Gemini 3.1 Flash-Lite Image still has room for several quality improvements:
- Text rendering: poor in small text (often blurry in 1k model), long paragraphs, page length
- Character consistency is not always perfect between input images and generated output image
- Masked/Doodle based editing: partial instruction following and persistent ink
- When editing images: infrequent copying/pasting from user's input image to generated image
- Occasional confusion around spatial localisation (e.g. left/right etc.)
- Still limited in advanced capabilities with world knowledge, 3D reasoning and factuality
The knowledge cutoff date for Gemini 3.1 Flash-Lite Image was January 2025.
Acceptable Usage
For more information about the acceptable usage for Gemini 3.1 Flash-Lite Image, see the Gemini 3.1 Flash-Lite model card.
Ethics and Content Safety
Evaluation Approach
Gemini 3.1 Flash-Lite Image was developed in partnership with internal safety, and responsibility teams. A range of evaluations and red teaming activities were conducted to help improve the model and inform decision-making. These evaluations and activities align with Google's AI Principles and responsible AI approach, as well as Google's Generative AI policies (e.g. Gen AI Prohibited Use Policy and the Gemini API Additional Terms of Service). As Gemini 3.1 Flash-Lite Image is based on Gemini 3.1 Flash-Lite, see the Gemini 3.1 Flash-Lite model card for additional Ethics & Content Safety details.

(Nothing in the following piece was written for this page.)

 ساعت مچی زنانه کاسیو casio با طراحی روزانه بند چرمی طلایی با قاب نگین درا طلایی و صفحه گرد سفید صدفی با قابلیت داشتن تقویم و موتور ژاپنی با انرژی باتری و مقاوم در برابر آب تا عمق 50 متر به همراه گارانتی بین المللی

Evaluation types included but were not limited to:
- Training/Development Evaluations including automated and human evaluations carried out continuously throughout and after the model’s training, to monitor its progress and performance;
- Human Red Teaming conducted by specialist teams across the policies and desiderata, deliberately trying to spot weaknesses and ensure the model adheres to safety policies and desired outcomes;
- Trust Assurance Evaluations conducted by evaluators who sit outside of the model development team, used to independently assess responsibility and safety governance decisions;
- Ethics & Safety Reviews were conducted ahead of the model’s release.
Safety Policies
Gemini’s safety policies are based on Google’s standard framework, which aim to prevent our Generative AI models from generating harmful content, including:
- Content related to child sexual abuse material and exploitation
- Hate speech (e.g. dehumanizing members of protected groups)
- Dangerous content (e.g. promoting suicide, or instructing in activities that could cause real-world harm)

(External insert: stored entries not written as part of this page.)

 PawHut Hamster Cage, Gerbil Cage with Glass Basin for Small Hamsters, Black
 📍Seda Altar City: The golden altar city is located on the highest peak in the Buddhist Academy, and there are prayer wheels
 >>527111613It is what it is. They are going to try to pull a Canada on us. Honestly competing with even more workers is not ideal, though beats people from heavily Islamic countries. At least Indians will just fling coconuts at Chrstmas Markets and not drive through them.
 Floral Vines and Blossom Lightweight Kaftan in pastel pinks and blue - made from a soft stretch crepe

- Harassment (e.g. encouraging violence against people)
- Sexually explicit content
- Medical advice that runs contrary to scientific or medical consensus
We continue to improve our internal evaluations, including refining automated evaluations to reduce false positives and negatives, as well as update query sets to ensure balance and maintain a high standard of results.

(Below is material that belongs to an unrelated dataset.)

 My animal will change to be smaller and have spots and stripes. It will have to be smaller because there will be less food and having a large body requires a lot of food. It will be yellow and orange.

Frontier Safety Assessment
Gemini 3.1 Flash-Lite Image is part of the Gemini 3 family of models. We evaluated Gemini 3.1 Pro for frontier safety as it was the most generally capable model as of publication of this model card, and it did not reach any Critical Capability Levels (CCLs) outlined in our Frontier Safety Framework. Our assessments have shown that Gemini 3.1 Flash-Lite Image is less capable than Gemini 3.1 Pro, therefore based on Gemini 3.1 Pro, we are confident that that Gemini 3.1 Flash-Lite Image is also unlikely to reach any CCLs. For more information, read the Gemini 3.1 Pro Model Card.
Risks and Mitigations
Safety and responsibility was built into Gemini 3.1 Flash-Lite Image throughout the training and deployment lifecycle, including pre-training, post-training, and product-level mitigations. Mitigations include, but are not limited to:
- dataset filtering;
- conditional pre-training;
- supervised fine-tuning;
- reinforcement learning from human and critic feedback;
- safety policies and desiderata;
- product-level mitigations such as safety filtering.